У вас много интересного материала, но вы не видите его ценности. У вас есть мука и вы поедаете ее горстями. Вам говорят: вон, какие вкусные вещи можно сделать: бисквиты, кренделя. Так делайте их!
Я уважаю Макаренко как человека, как преподавателя, но не уважаю как литератора. Это не художник. Далее простодушного разрешения сюжета он не идёт. Однажды я был на литературном вечере, где Макаренко читал свой рассказ. Из жизни беспризорных. Примерно, следующего содержания: пропала большая сумма денег в колонии (или где-то, не знаю), это кладёт пятно на весь коллектив. Тогда было решено, что в угол положат шапку, и все будут проходить мимо. Кто взял, пусть выложит деньги обратно. В этом месте я решил, что здорово сделан рассказ — видя прямое разрешение его. Но через пять минут уходил разочарованный. Макаренко не увидел настоящего напрашивающегося хода. Он сделал так: когда деньги были сосчитаны, украденная сумма копейка в копейку была выложена. Это неинтересно. Нужно было сделать, чтобы положенная сумма превышала украденную: каждый боялся за своего товарища и выкладывал ещё и свои деньги.
У начинающего писателя, золотые зёрна попадаются в словесной шелухе. И не потому, что знает как позолотить, а только благодаря интуиции. Это всё равно, что когда человек садится за письменный прибор и видит на мраморной доске перед чернильницами долевую выемку, он, не зная для чего она, положит в нее ручку. Потом эту ручку он будет туда класть, потому что уже знает: это место для ручки.

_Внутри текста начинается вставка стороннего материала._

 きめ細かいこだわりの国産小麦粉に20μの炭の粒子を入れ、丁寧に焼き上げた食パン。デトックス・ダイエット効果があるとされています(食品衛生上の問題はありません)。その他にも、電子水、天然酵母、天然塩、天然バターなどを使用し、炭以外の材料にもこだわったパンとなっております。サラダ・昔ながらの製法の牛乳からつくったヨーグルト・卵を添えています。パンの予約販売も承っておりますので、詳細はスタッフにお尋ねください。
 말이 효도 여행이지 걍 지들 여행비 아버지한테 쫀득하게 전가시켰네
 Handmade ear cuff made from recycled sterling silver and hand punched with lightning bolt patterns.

Читатель, берясь за книгу, очень доверчив: вот моё сердце, колите, терзайте его, гладьте, ласкайте. Но если он просидит десять минут, а автор не отзывается на его доверчивость, а автор безразличен, сердце может простудиться и отправиться лечиться к кому-либо другому.

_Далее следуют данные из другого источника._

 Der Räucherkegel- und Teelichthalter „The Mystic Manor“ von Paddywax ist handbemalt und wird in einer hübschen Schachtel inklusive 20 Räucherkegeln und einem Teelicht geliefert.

Я могу сначала закрутить туго, а потом вы уже будете меня слушать и ждать, сколько бы я ни говорил.
Когда начинаю работать над вещью, особенно тщательно делаю первый абзац — это ключевая фраза. Первый абзац бывает в тридцать, сорок вариантов. Зато, когда в середине собьешься с тона, перечитаешь начало и опять соответственно настраиваешься.
Надо очень осторожно выбирать тему. Это как духа вызвать. Вы вызовите его из-под земли, а не знаете, что с ним делать, он и убьёт вас.

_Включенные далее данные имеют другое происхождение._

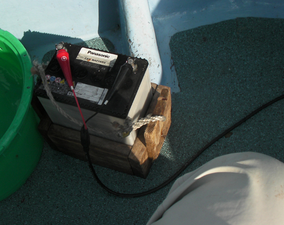 真っ暗な中、騒がしくなってお客が集まり、トモ側は、電動リールの電源口が、かなり前側にしかなかったので、延長コードない?って若女将にきくと、船長がバッテリーを用意してくれました。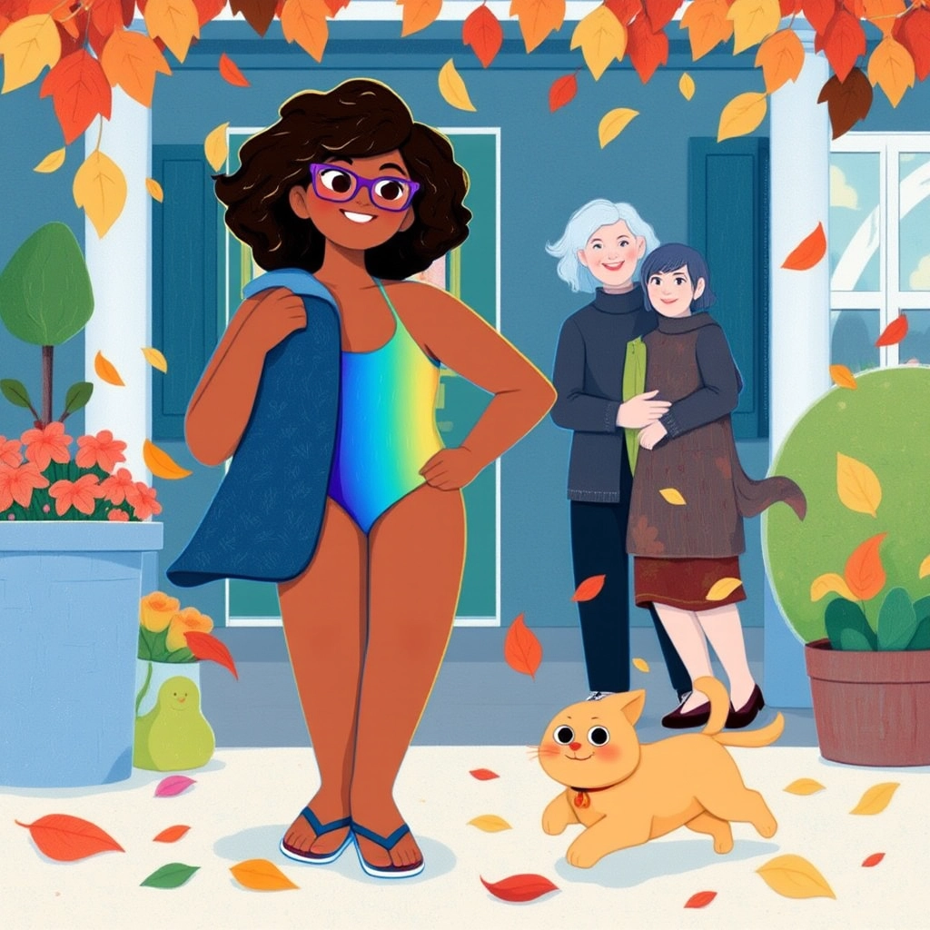 As they walked outside, her mom handed her a coat because it looked chilly. But [Sarah](R97YPT37) said, 'No, thank you!' and put on her swimsuit instead.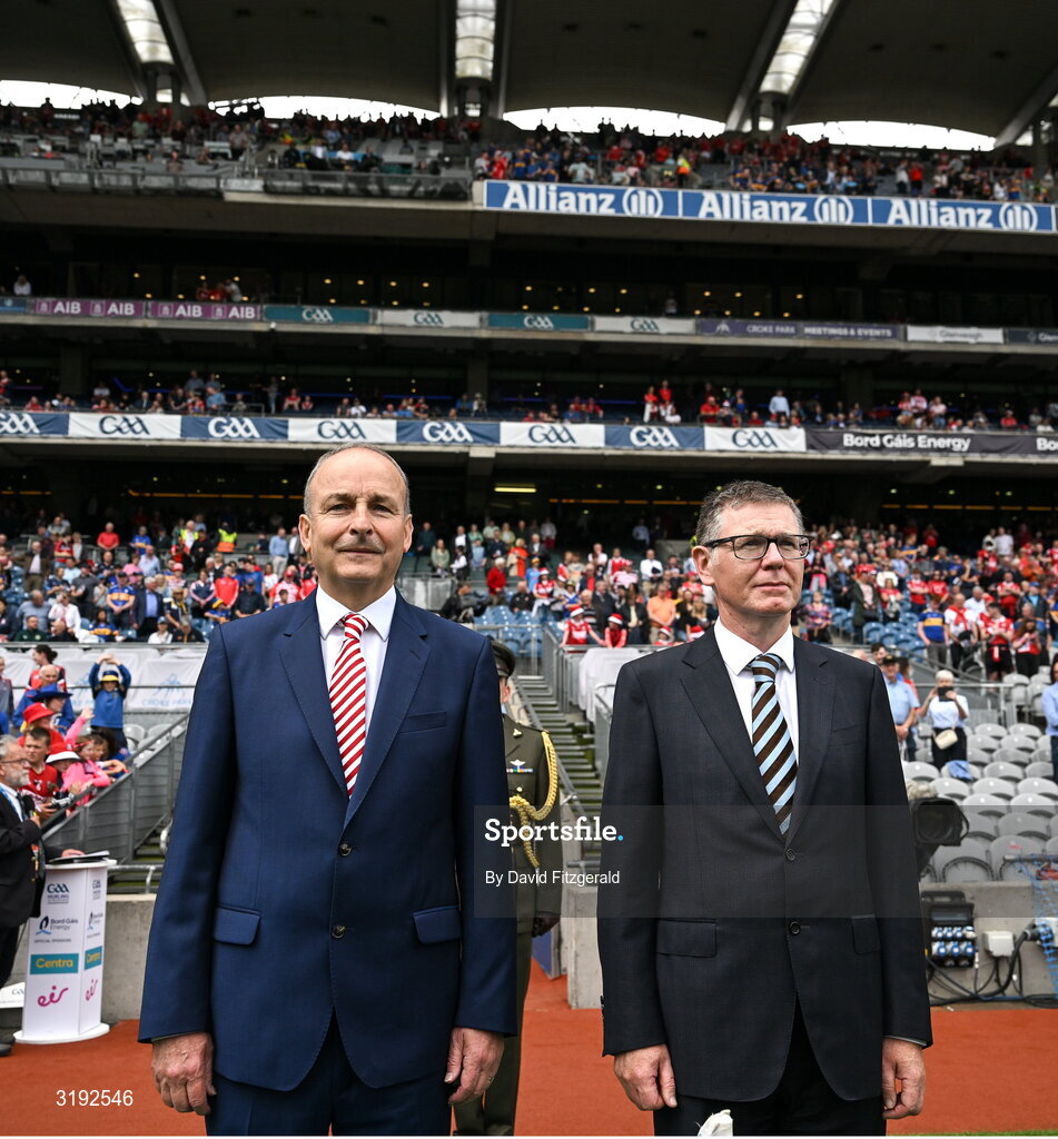20 July 2025; An Taoiseach Micheál Martin TD and Ard Stiúrthóir of the GAA Tom Ryan arrive before the GAA Hurling All-Ireland Senior Championship final match between Cork and Tipperary at Croke Park in Dublin. Photo by David Fitzgerald/Sportsfile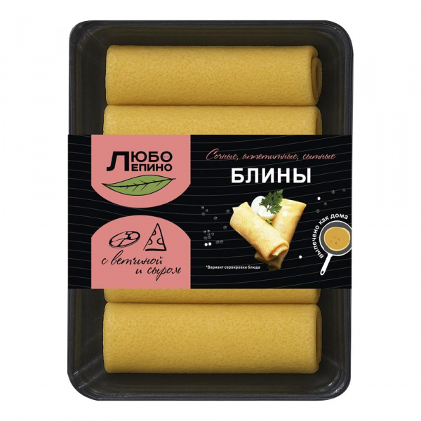 Блины Люболепино c ветчиной и сыром 410г лоток/10

К любимому слову надо относиться необычайно, бережно, с большой осторожностью. Ведь когда лелеешь слово, хочется показать читателю, как оно красиво и употребить почаще, а этого-то как раз и нельзя.
Леонид Максимович тыкал меня носом в желание передать крестьянский колорит через корявость речи, а не образность. Была фраза: « — Никак опять урякает, али ранетый?». Мы занимались в воскресный день в кабинете директора. Оттуда Леонов позвонил своему приятелю (Остапу Семеновичу). Тот спросил, как съездил Леонид Максимович на фронт (в командировку)? Леонид Максимович ответил: — «Нет, нет, я не ранетый, всё в порядке. Ну, что ты, я тебя не урякаю!»
— У мужика — большое умение при очень маленьком лексиконе добраться до первоначального смысла. В комплексе выражается одним словом — три. А когда говорит сложнее, начинается не только игра словесная, а рождается новая мысль.
Меня крайне заботит, что вне контекста, без обращения к нашим «литературным опытам», высказыванья Леонида Максимовича повиснут в воздухе необязательной сентенцией. Но ведь те «опыты» канули в небытие… И я решаюсь призвать на помощь тексты самого Леонова. «Evgenia Ivanovna» — маленький шедевр, которым можно было бы иллюстрировать все соображения Мастера.
— Бойтесь безличных фраз, делайте так, чтобы оттуда что-то проглядывало, — говорил он, производя соответствующий выразительный жест пальцами.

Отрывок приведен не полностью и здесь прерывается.